_WORK REQUIRED_
Everything in the records below from the line containing "Personalized Yellow Funny" through the line containing "먼저 멤버들은 겨울 간식을" is to be reproduced exactly, those two lines included; no picture is to be copied.

_PROVIDED RECORDS_
+++

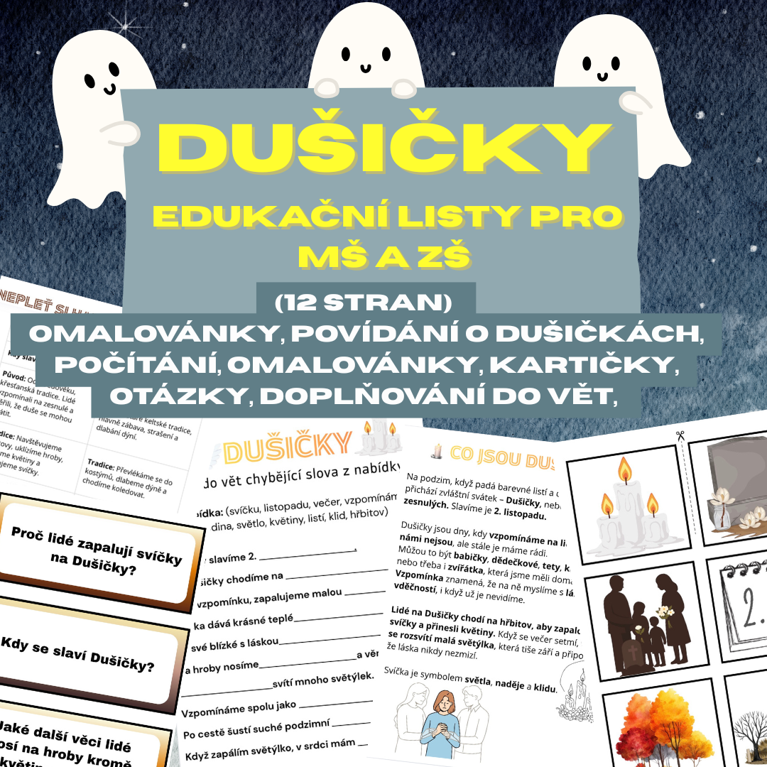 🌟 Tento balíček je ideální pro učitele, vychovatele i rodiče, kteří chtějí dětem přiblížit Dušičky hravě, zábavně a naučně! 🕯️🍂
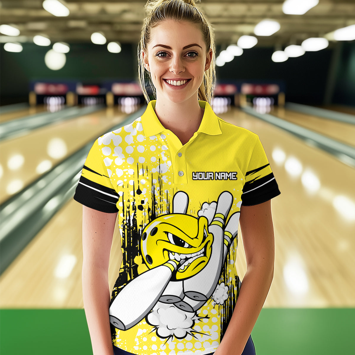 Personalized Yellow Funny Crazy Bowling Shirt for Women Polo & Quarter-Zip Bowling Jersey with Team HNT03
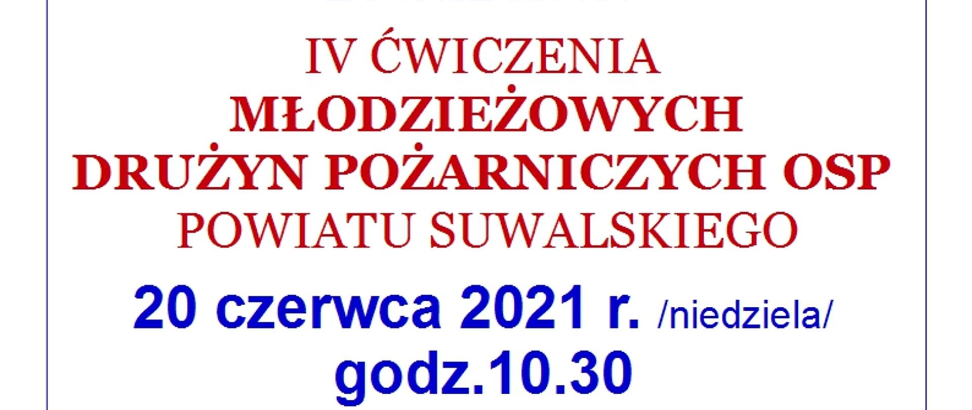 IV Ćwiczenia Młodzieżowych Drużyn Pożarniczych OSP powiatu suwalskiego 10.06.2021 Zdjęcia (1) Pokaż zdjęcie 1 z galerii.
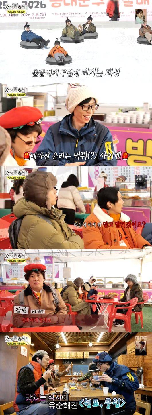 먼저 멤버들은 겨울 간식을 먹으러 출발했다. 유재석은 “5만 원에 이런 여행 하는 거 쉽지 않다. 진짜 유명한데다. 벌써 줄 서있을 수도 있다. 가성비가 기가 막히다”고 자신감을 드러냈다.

+++

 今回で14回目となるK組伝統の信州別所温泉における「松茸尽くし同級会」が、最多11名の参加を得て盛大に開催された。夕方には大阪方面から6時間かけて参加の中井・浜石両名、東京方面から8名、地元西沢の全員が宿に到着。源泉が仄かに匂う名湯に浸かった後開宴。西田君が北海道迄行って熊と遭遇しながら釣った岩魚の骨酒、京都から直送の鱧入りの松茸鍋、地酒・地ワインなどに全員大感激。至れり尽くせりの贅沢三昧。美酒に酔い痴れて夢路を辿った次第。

+++

_SOLUTION TO THE PROBLEM_
 Personalized Yellow Funny Crazy Bowling Shirt for Women Polo & Quarter-Zip Bowling Jersey with Team HNT03
 IV Ćwiczenia Młodzieżowych Drużyn Pożarniczych OSP powiatu suwalskiego 10.06.2021 Zdjęcia (1) Pokaż zdjęcie 1 z galerii.
 먼저 멤버들은 겨울 간식을 먹으러 출발했다. 유재석은 “5만 원에 이런 여행 하는 거 쉽지 않다. 진짜 유명한데다. 벌써 줄 서있을 수도 있다. 가성비가 기가 막히다”고 자신감을 드러냈다.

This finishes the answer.